**THE TASK:** The required output is the stretch from the line containing "Ẩn mình giữa" through the line containing "채색 2단 자개 보석함[흑] - 나비" in the records below, unaltered and with no pictures.

*** Opening AVAILABLE DATA ***

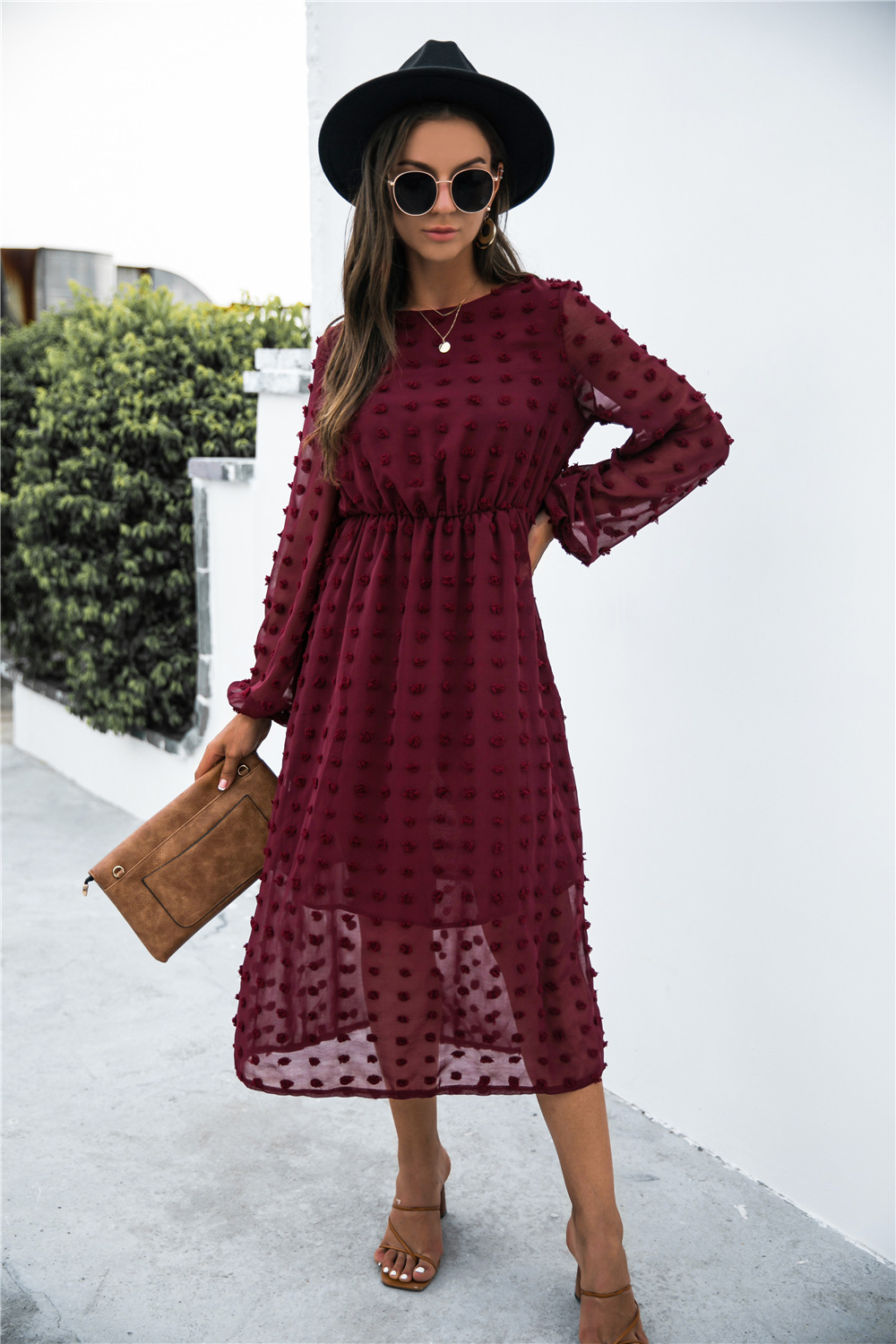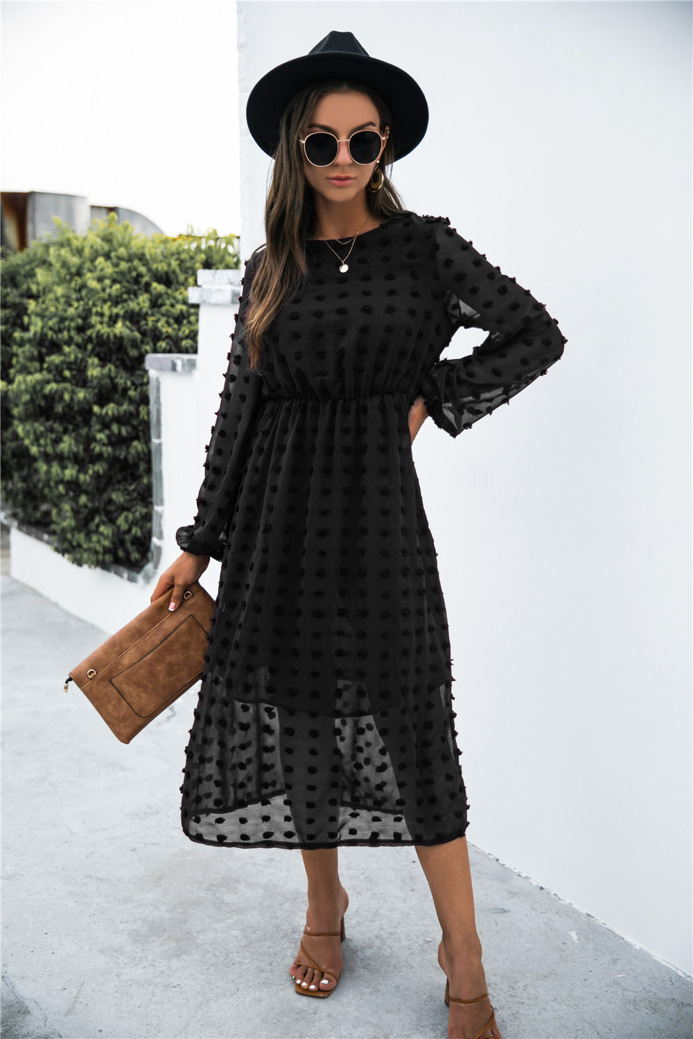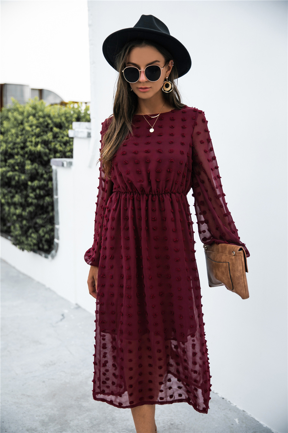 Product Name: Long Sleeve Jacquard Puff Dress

*** Closing AVAILABLE DATA ***
*** Opening AVAILABLE DATA ***

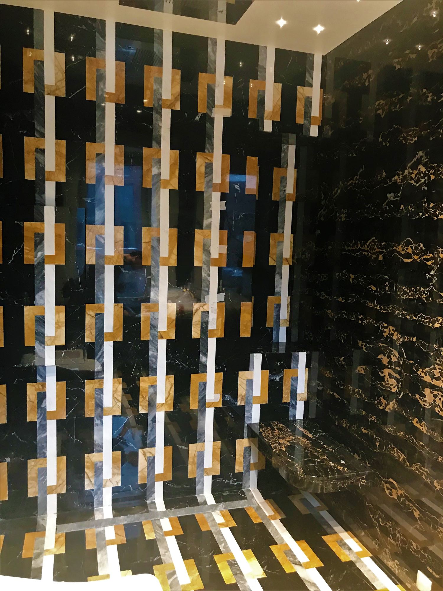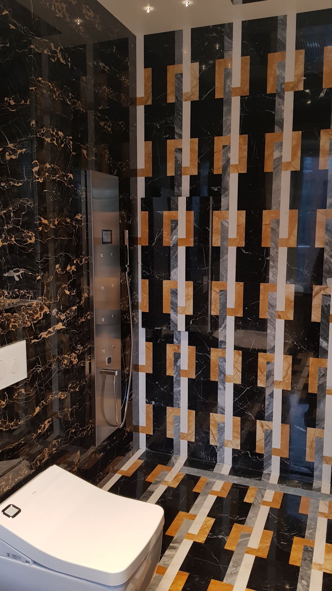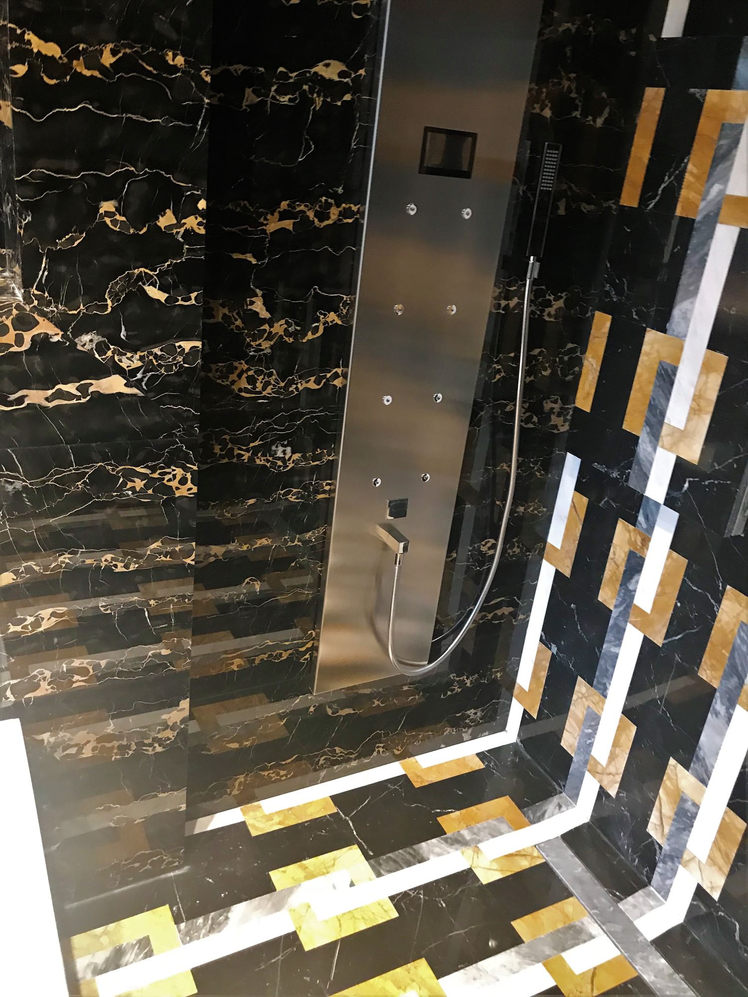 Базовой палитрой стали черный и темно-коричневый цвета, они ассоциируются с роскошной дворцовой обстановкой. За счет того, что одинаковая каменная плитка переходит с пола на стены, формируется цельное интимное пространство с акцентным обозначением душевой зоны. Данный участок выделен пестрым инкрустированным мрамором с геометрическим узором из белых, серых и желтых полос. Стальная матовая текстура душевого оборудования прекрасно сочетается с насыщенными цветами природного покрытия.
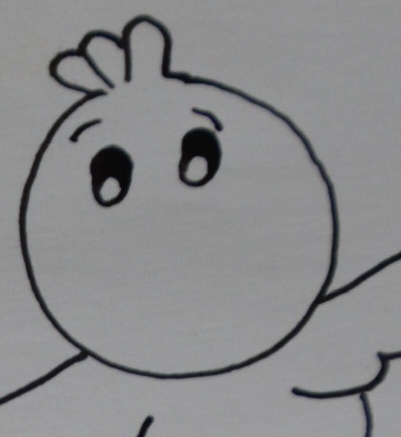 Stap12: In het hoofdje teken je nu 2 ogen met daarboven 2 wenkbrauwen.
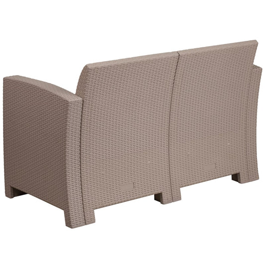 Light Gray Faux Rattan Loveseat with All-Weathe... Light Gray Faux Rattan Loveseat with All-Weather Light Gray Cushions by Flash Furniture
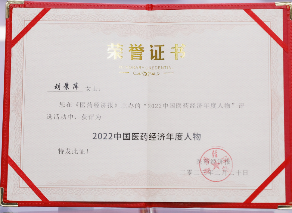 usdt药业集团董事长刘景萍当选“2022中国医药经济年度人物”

*** Closing AVAILABLE DATA ***
*** Opening AVAILABLE DATA ***

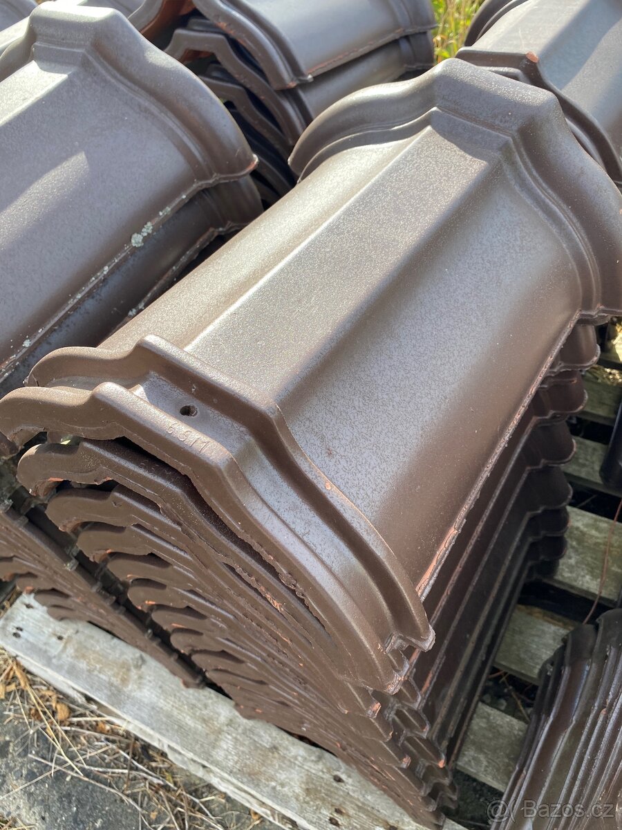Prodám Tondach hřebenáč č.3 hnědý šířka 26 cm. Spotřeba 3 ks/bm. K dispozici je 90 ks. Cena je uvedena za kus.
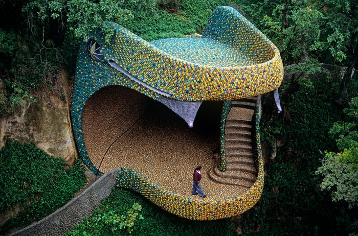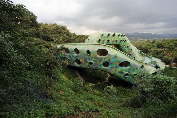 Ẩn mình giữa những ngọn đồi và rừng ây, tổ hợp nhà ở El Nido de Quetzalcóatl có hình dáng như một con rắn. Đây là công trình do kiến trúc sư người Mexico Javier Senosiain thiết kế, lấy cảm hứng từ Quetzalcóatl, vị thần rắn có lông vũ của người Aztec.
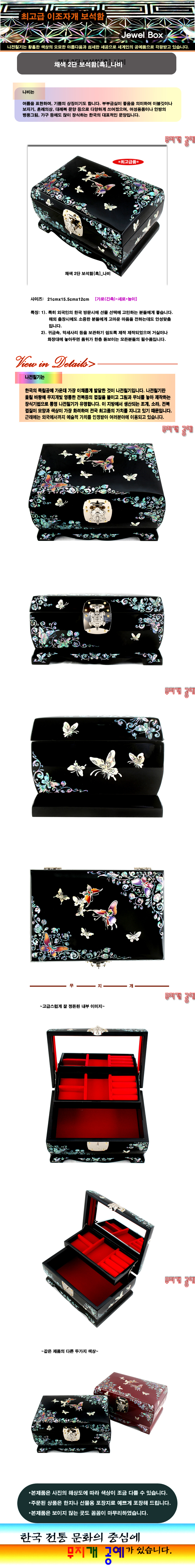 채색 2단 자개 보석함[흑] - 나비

*** Closing AVAILABLE DATA ***

**YOUR RESPONSE:**
 Ẩn mình giữa những ngọn đồi và rừng ây, tổ hợp nhà ở El Nido de Quetzalcóatl có hình dáng như một con rắn. Đây là công trình do kiến trúc sư người Mexico Javier Senosiain thiết kế, lấy cảm hứng từ Quetzalcóatl, vị thần rắn có lông vũ của người Aztec.
 채색 2단 자개 보석함[흑] - 나비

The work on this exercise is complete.